The Effects of Climate Change
Huertas said it is common knowledge that the frequency of epidemics, such as those caused by dengue, can increase with climate change.
She said the mosquito changes its behavior with high temperatures, and has a shorter life cycle, in which it can go from egg to adult mosquito in a shorter period, so it has a greater reproduction capacity.
“This isn’t going to be a once-and-done thing. We know that in the immediate and long-term future we must learn how to control the mosquito,” she pointed out.
Meanwhile, Paz Bailey said Puerto Rico has the ideal environment for Aedes aegypti, due to the climate, rain, and heat.

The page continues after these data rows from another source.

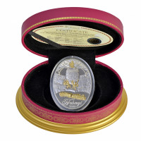 Серебряная монета «Транссибирская магистраль» эксклюзивной серии «Императорские яйца Фаберже», посвященной произведениям искусства выдающегося ювелира Петера Карла Фаберже.
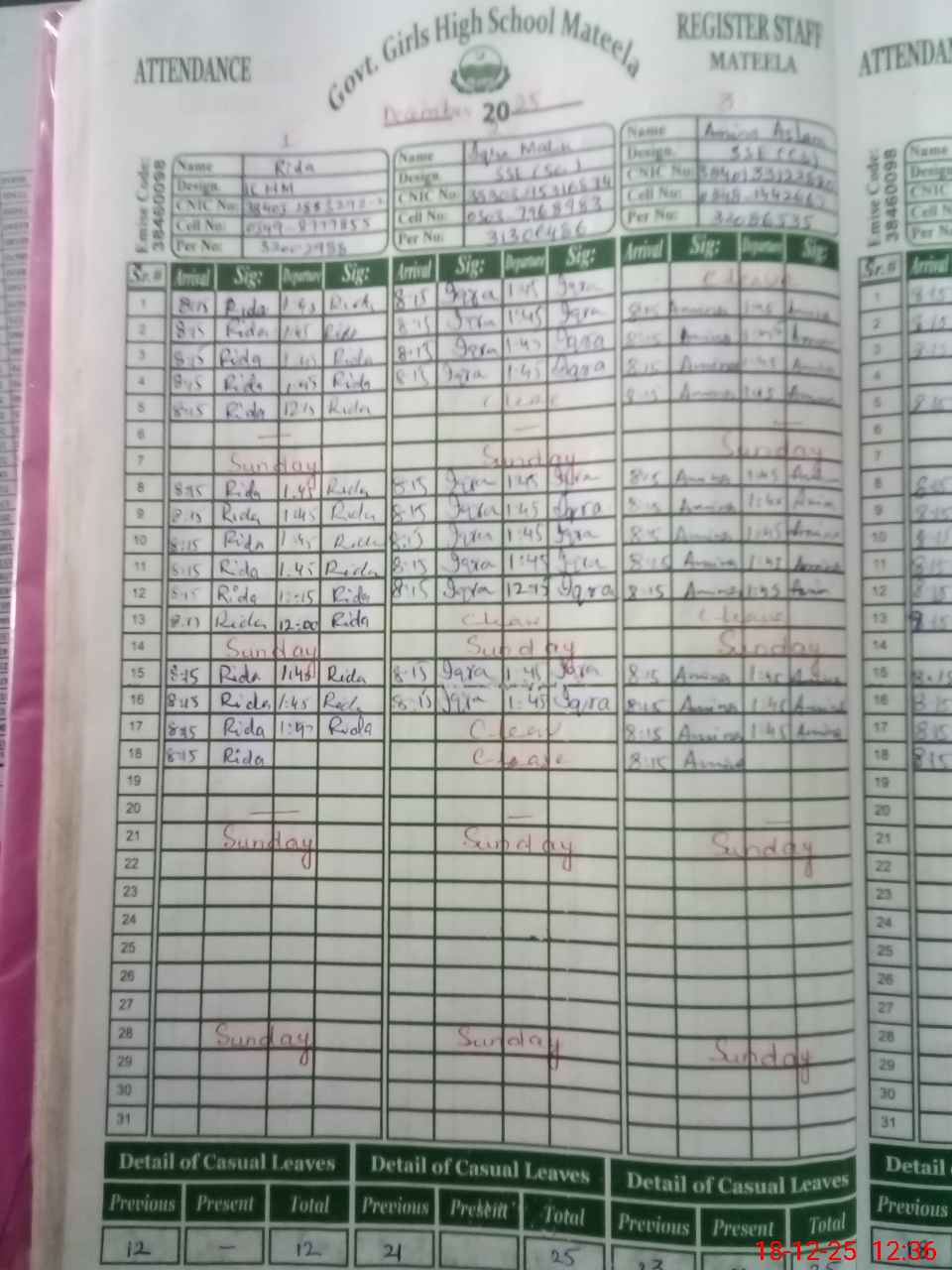 | CNIC | Full Name | Designation | R/C | Absence during last cal. month |
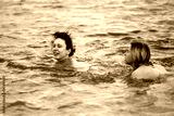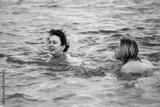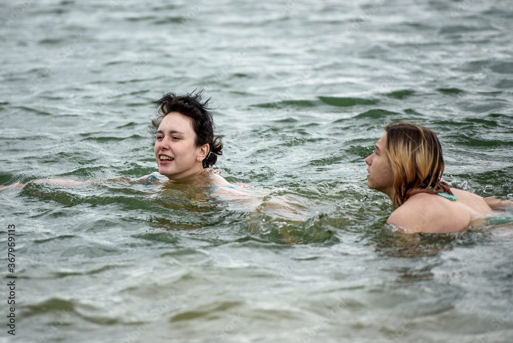 Two girls swim in the lake in the summer. The concept of a summer vacation.
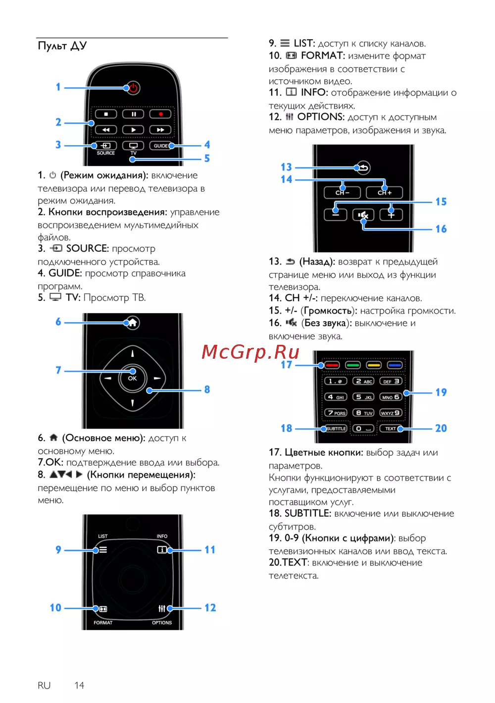 14. CH +/-: переключение каналов.
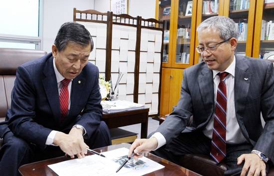 ▲이재홍 파주시장이 황진하 국회의원을 방문해 적극적인 협조를 요청하고 있다.(사진= 파주시)
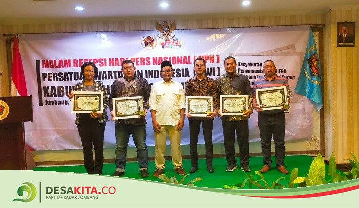 Penghargaan diserahkan saat malam resepsi ‘Puncak HPN (Hari Pers Nasional) yang digelar di salah satu hotel di Jombang, Rabu (15/5) malam.
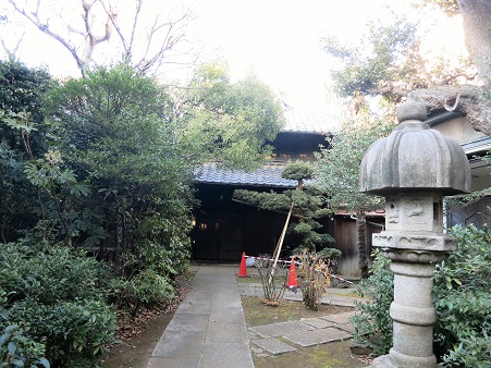 本郷通りに戻り、次の交差点 文京九中入口を、左に入り、天祖神社方面に進む。 神社の鳥居の直前を左に入り、少し進んで右手に入る細道に小さな説明板がたっている。その奥に、全く目立たない形で、古めかしい門が建っている。 ![]() 説明板によると、上駒込村の名主役を勤めていた高木家の屋敷跡という。薬医門形式の表門は、宝永年間(1704~11))のもの、家屋は享保2年(1717)に再建された、と伝えられる、という。 門の脇の木戸から入り、家屋の外側まで見ることができる。 |
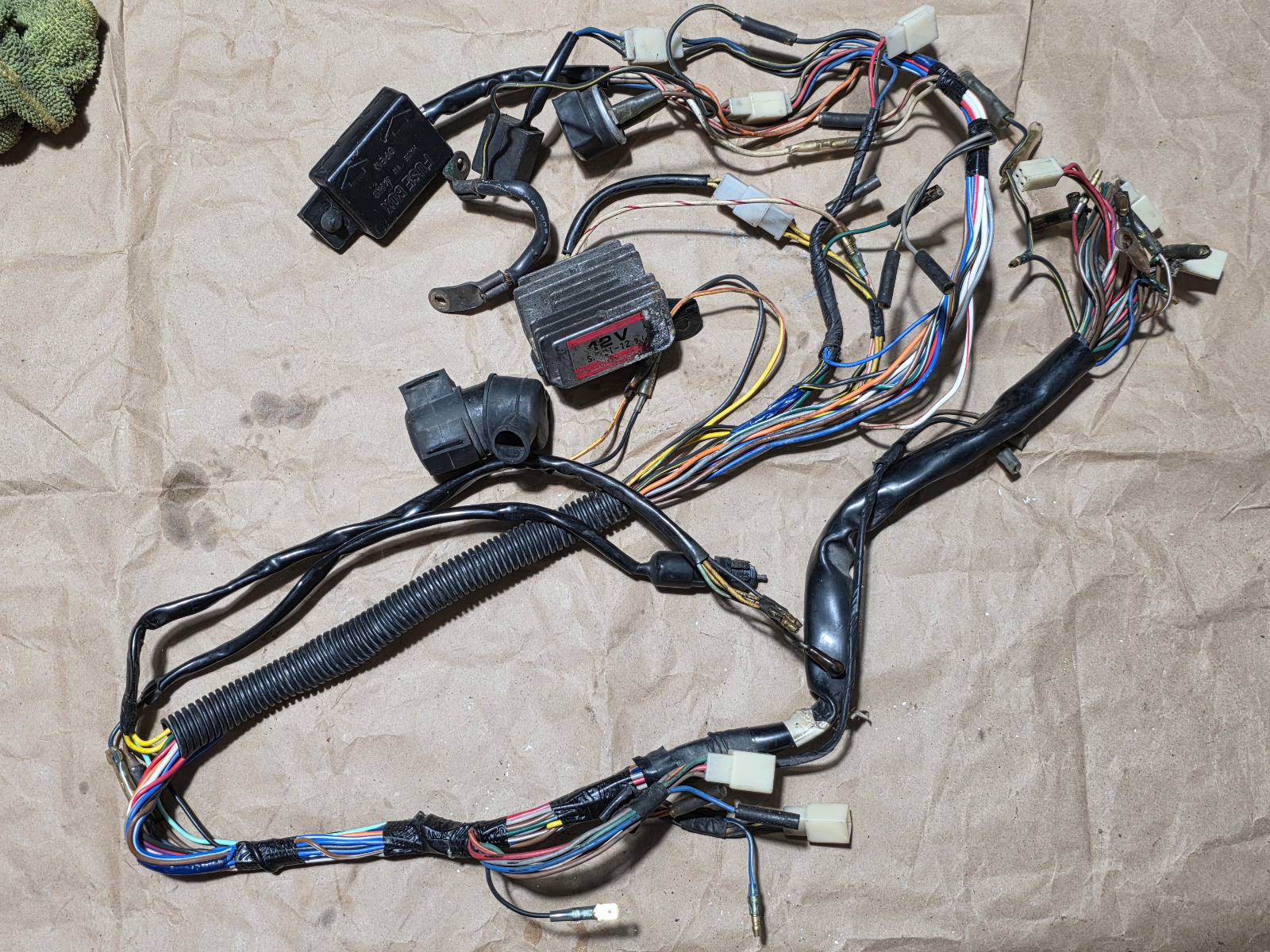 Cleaning up the wiring. It isn't done but it's getting there. Good condition overall so it doesn't need much. Still need to finish the charging system and I'm adding a relay for the ignition coil. Then it's getting a test fit before I wrap it in some good quality black electrical tape. I want to hide the electrical system so it's as clean as possible but I'm not spending 20 hours building one from scratch.

“It’s a paradise island, but it’s also a paradise for mosquitoes. There is a fairly robust population of Aedes aegypti in Puerto Rico,” said the CDC official. “Aedes aegypti is an imported species. It didn’t exist here originally, but it has been established for many years,” she said.
She even mentioned that the increase in temperatures due to climate change has contributed to Aedes aegypti populations growing and expanding into areas where the mosquito was not previously present.
“In the case of the United States, Arizona reported two locally acquired cases in 2022 and California two cases in 2023. Previously [these states] had only had cases associated with travel, now they have had locally acquired cases,” Paz Bailey warned.
The head of the CDC’s Dengue Division said that in Europe, cases of the viral infection have also been reported for the first time in Italy, France, and Spain.
Paz Bailey said it’s difficult to predict the incidence of dengue in the future because it depends on a combination of climate and immunity in the population.
“At a global level, it’s expected that dengue will be more common, that it will be reported in areas where it had not been reported before, and that areas that are endemic for dengue [such as Puerto Rico], which have had dengue historically, will have more frequent outbreaks,” said the specialist on the matter.